The average number of connections for a user is 3.68 or in other words, on average (based upon this dataset), each user knows 3.68 other users.

Our graph density is very low; meaning the number of potential connections is much higher than the actual connections.  In this case, based upon the number of vertices (nodes) in our graph, the maximum number of connections (edges) is 167,490,753.  Our graph has 67,382 edges so this user base is not very well connected when compared to the potential. 

It is to be expected, especially in large corporations, that not every employee communicates with every other employee, but this information, shown over time and associated with other events like leadership training and culture changes, can be a good indicator of how well corporate changes are accepted.

The final data points involve the indexed degrees vector.  This array of data shows the number of nodes associated with each degree of connection (or edges).  For example, there are 11,829 nodes with only one edge connecting it to another node.  Starting at 0, each position of the array is the number of edge connections; so 2,033 nodes have 2 connections, 952 have 3 connections, etc.  

By looking at this data we can see many nodes deeper in the list with a high number of connections, these could be valid, highly connected users, or these could indicate system email accounts or departmental accounts used for communicating to large groups.

From Address - To Address Graph Details

Using graph techniques we can dig deeper into the network to determine which users could be ranked “influential” or “leaders” and use this information to classify each data sample for supervised learning later in the modeling process. 

The graph can also be used to identify anomalies that may have slipped through the filtering process. 

Correlation and Multicollinearity

It’s a little early in the process to check correlation and multicollinearity since we have not identified our target labels yet, but it may still be helpful to understand how some of our features are related and potentially remove those that are redundant or likely to interfere with model inference.  Machine learning regularization techniques minimize multicollinearity to some degree, but I still check for extreme situations or opportunities to remove features and reduce compute time.
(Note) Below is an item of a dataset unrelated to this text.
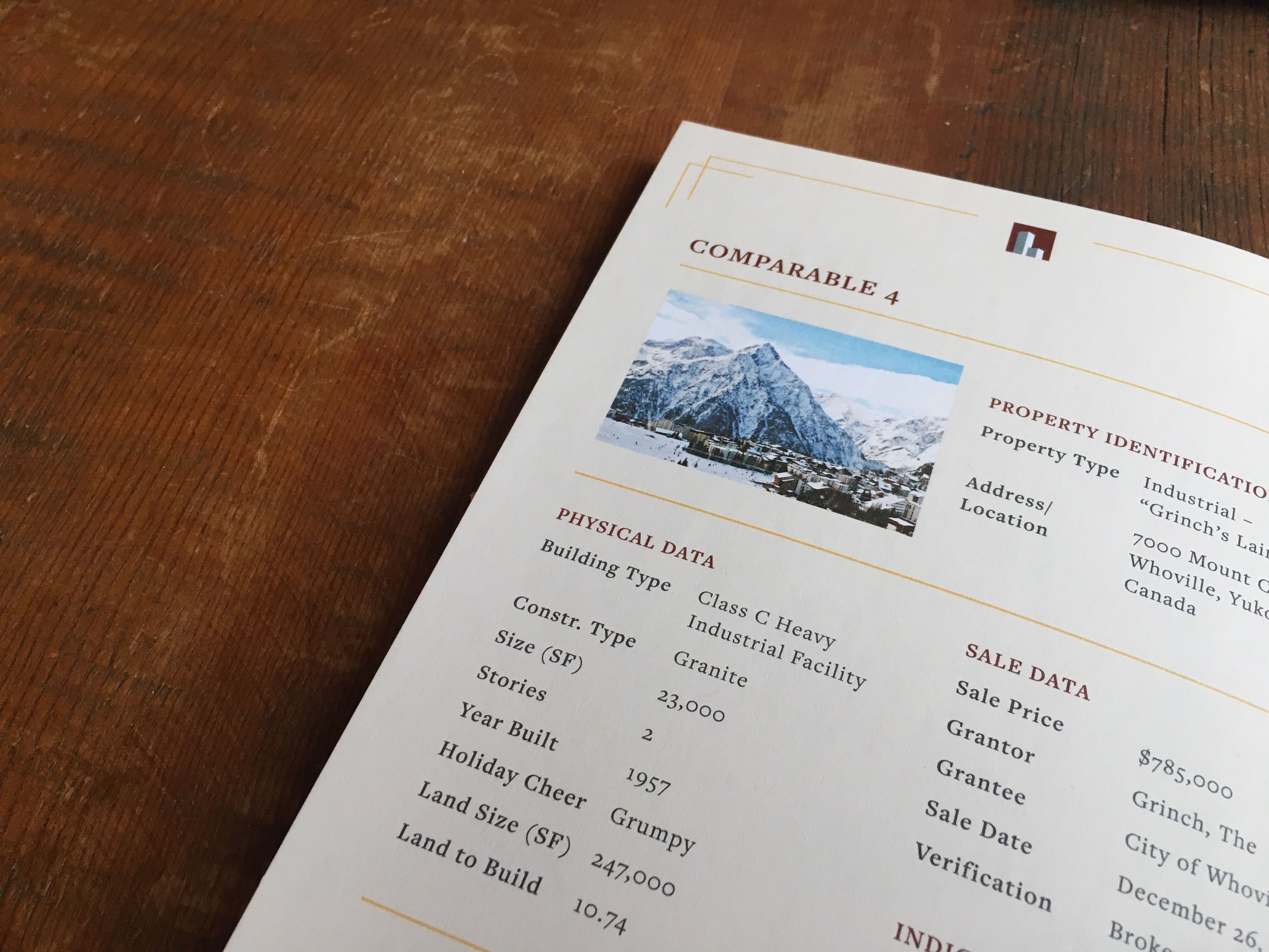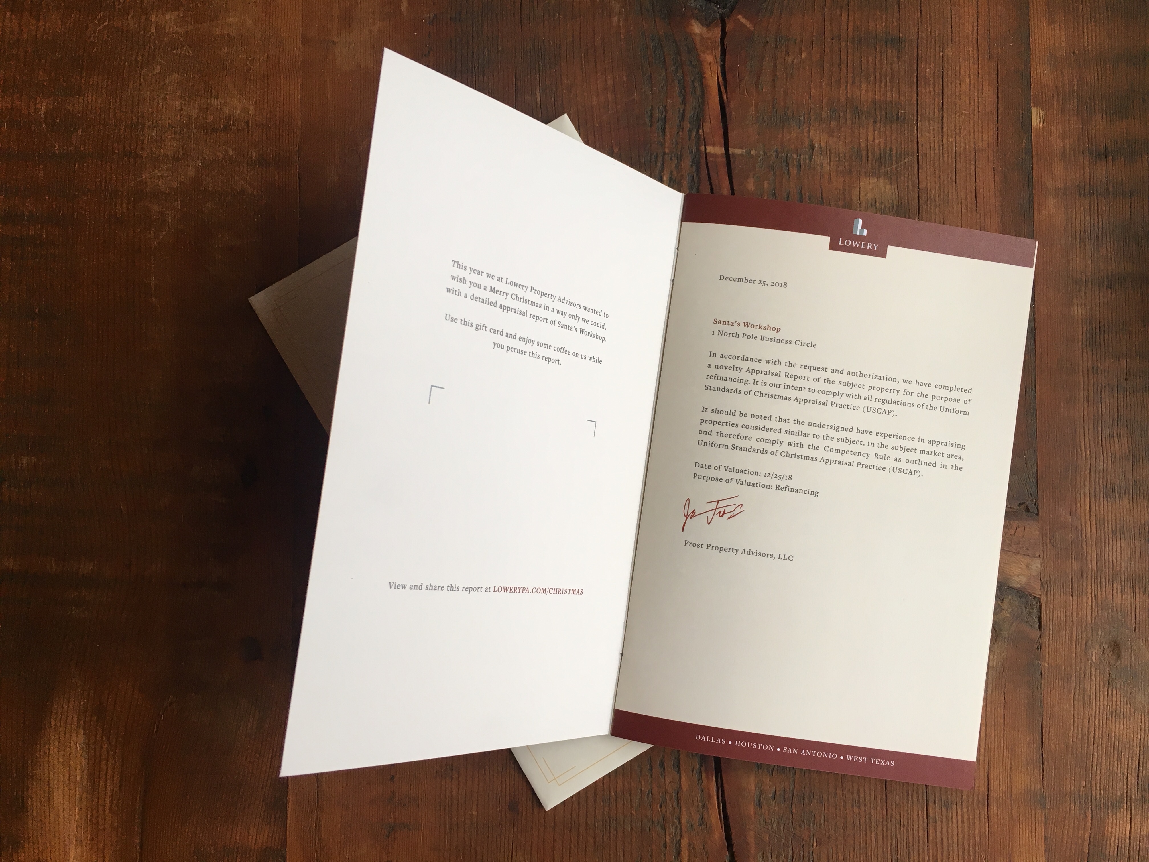 LPA specializes in delivering commercial real estate appraisals for properties of all kinds. Seriously–you name it, they’ll appraise it. So, for LPA’s 2018 holiday card Slingshot came up with the idea to do a comical appraisal of Santa’s workshop. The clever, in-depth analysis of the big guy’s stomping grounds was a pretty big hit with LPA’s customers.

To perform this test we will generate a correlation matrix and use a technique called variance inflation factor to determine how our features relate and which features may have a negative influence on model training.
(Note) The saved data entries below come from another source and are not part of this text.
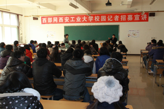 (本网讯)12月25日下午,西部网新闻中心总监刘晓斌先生一行3人莅临西安工业大学召开校园记者招募宣讲会,并就在我校建立学生记者站与学校党委宣传部进行磋商。
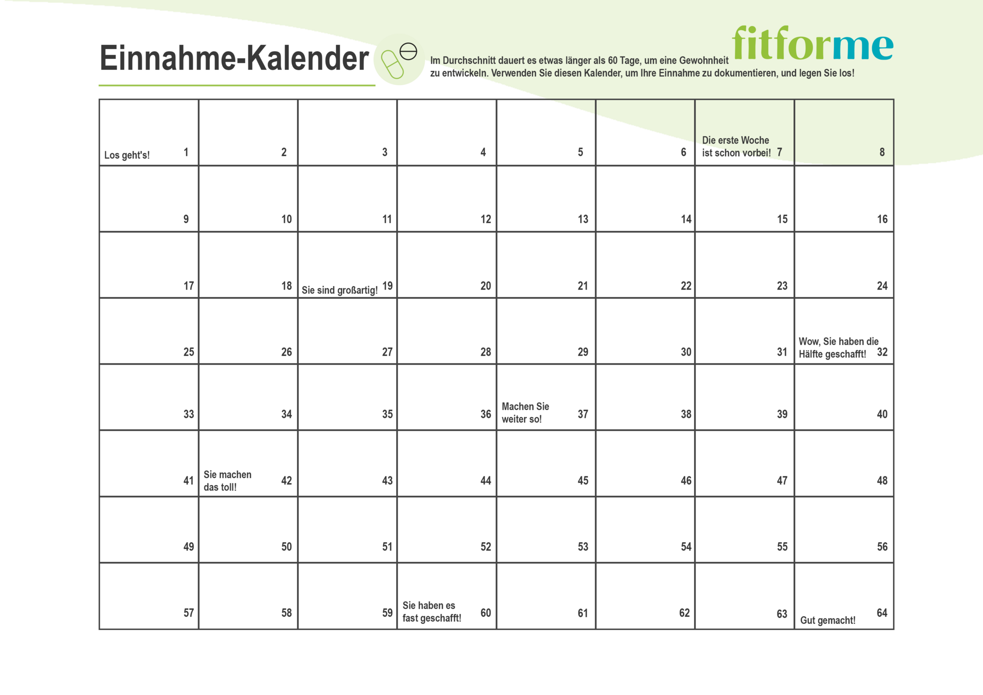 Sie können auch unseren Einnahme-Kalender ausdrucken und zum Beispiel an den Kühlschrank hängen.Nach der Einnahme Ihrer Vitamine setzen Sie einfach ein Kreuz beim jeweiligen Tag – so behalten Sie ganz leicht den Überblick.
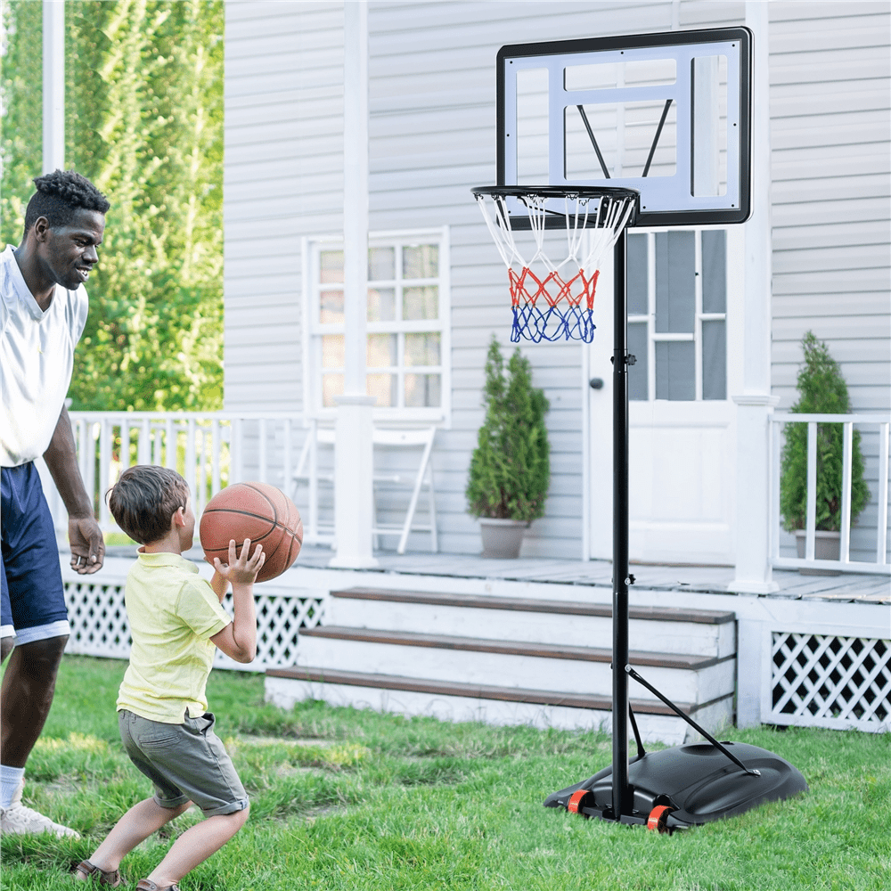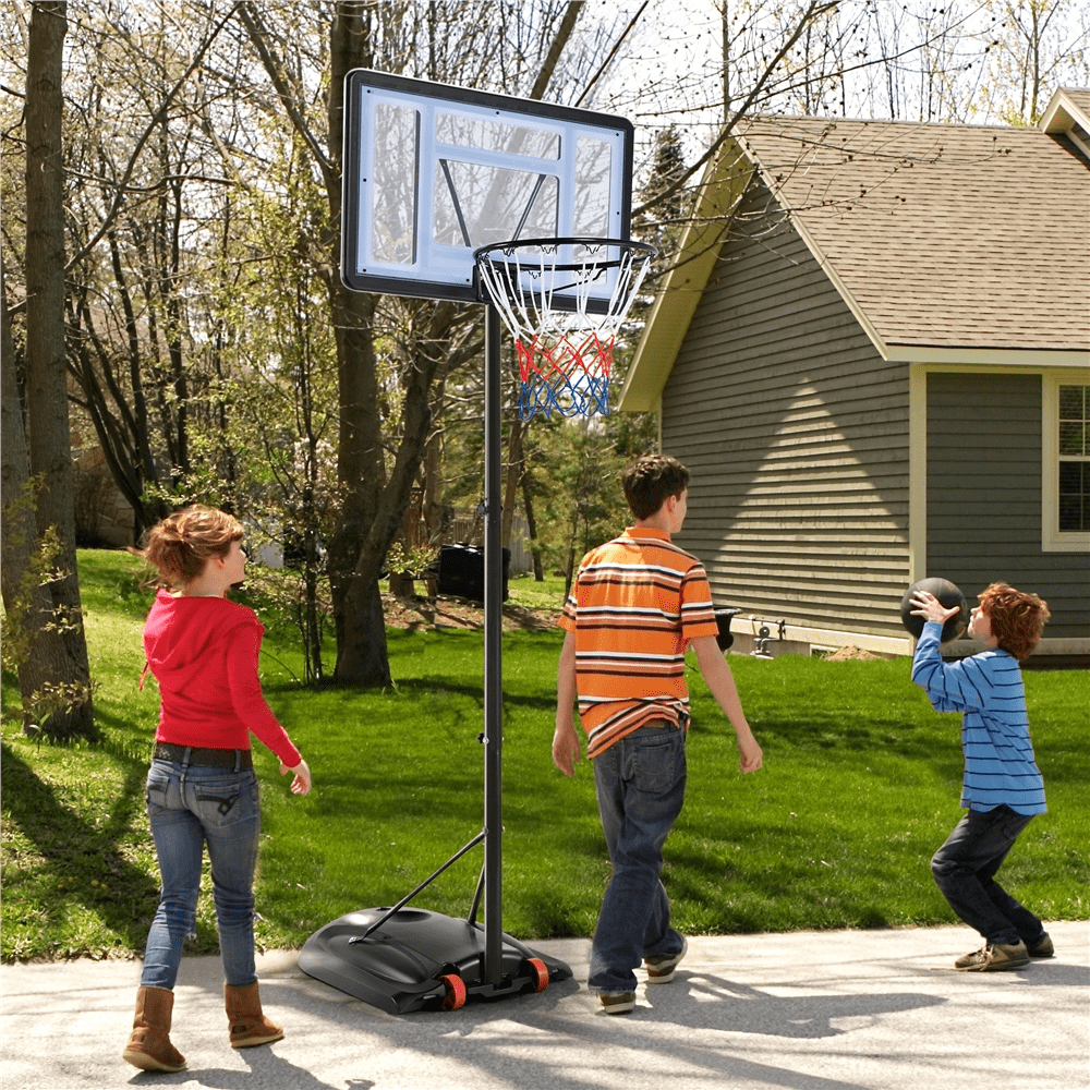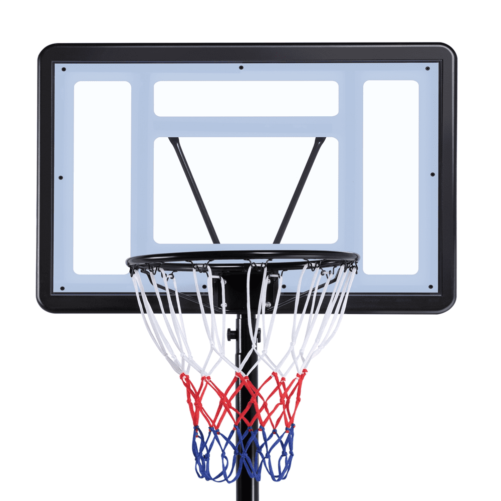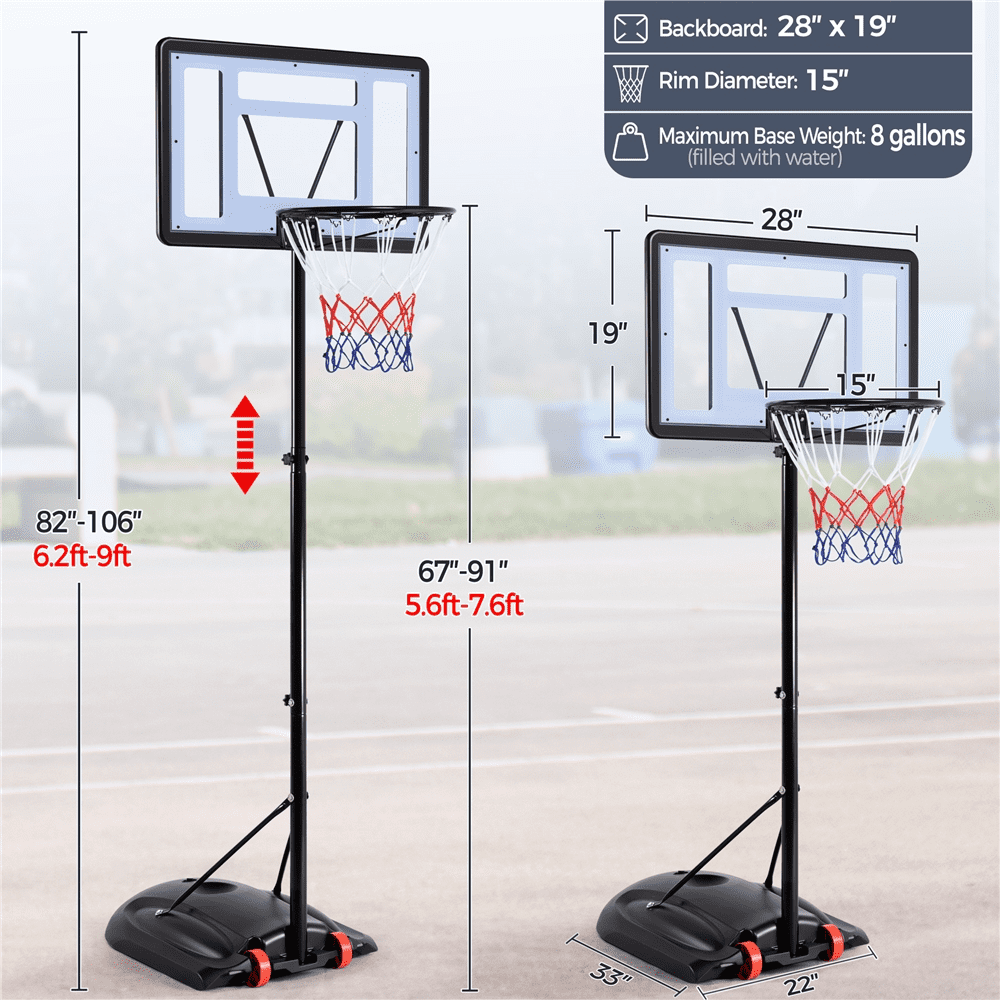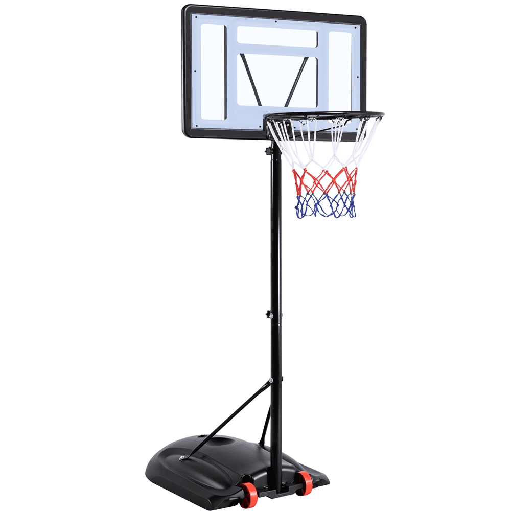 Renwick 5.6′-7.6′ Adjustable Height 28″ Outdoor Portable Basketball System (Child) Height adjustable from 5.6′ to 7.6′ in 4” increments for growing players Durable construction with a clear backboard and black stand Made from high-quality PVC plastic, powder-coated metal, and PE plastic Rim diameter of 15” for standard play Backboard dimensions: 28” L × 19” W

For this stage in the data pipeline, the features at hand include “day of the week”, “hour of day”, “month”, the “outside hours” boolean, the email “source” and the “forwarded” boolean.  Some of our data is not in numeric form so we’ll need to perform a quick transform to classify the non-numeric values before calculating.
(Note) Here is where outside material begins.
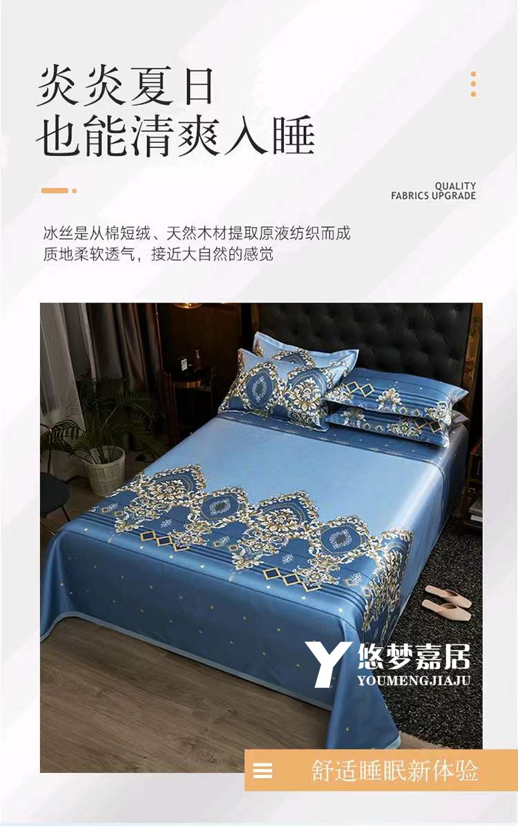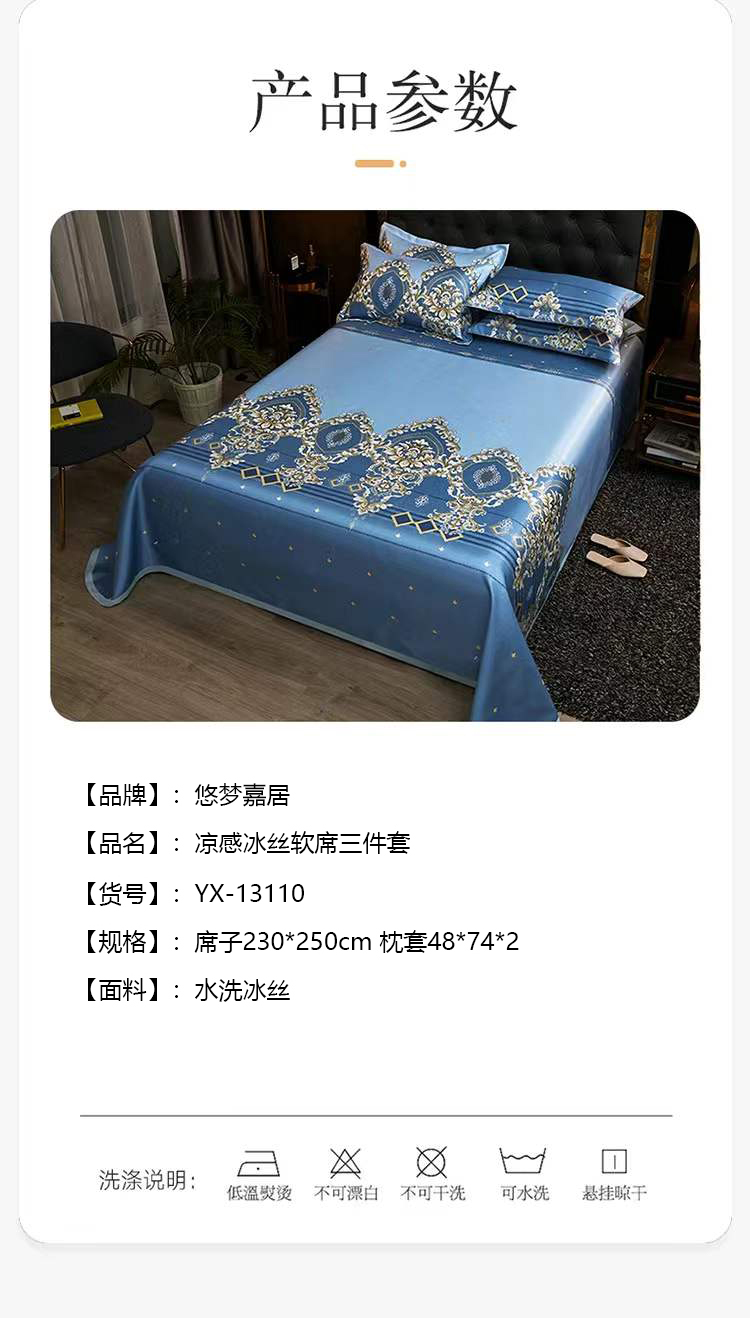 悠梦嘉居 YX-13110 凉感冰丝软席三件套-欧漫情调 230*250CM(内蒙、新疆、西藏、青海、宁夏、甘肃运费另算)
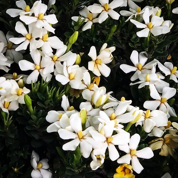 The Little Daisy Gardenia is very adaptable to different light conditions, growing either in full sun or partial shade. Generally, as you move into warmer zones, afternoon shade becomes beneficial and even necessary to prevent scorching and bud-drop. Too much sun can also limit later flowering if you are growing in the hottest zones. Although pretty easy to grow, this plant does need some attention to the soil, doing best in moist, well-drained acidic soils with added lime-free organic materials mixed into the soil and used as mulch. In planters, use soil for acid-loving plants. Dry soils, and alkaline ones, are not tolerated well.

Variance Inflation Factor. The first calculation we will perform is VIF or variance inflation factor.  VIF determines the level of “influence” a particular feature has with relation to other features.  The higher the inflation factor the more correlated the feature will be with at least one other feature.   Very high outcomes (i.e. the values are relative, but a general rule is greater than 10.0) are cause for further investigation to determine if the relationship will affect modeling later in the process.  Correcting these occurrences involves removing one of the offending features or making adjustments to separate the relationship.

The test results for this dataset show low collinearity, so at this point I will not need to make any adjustments.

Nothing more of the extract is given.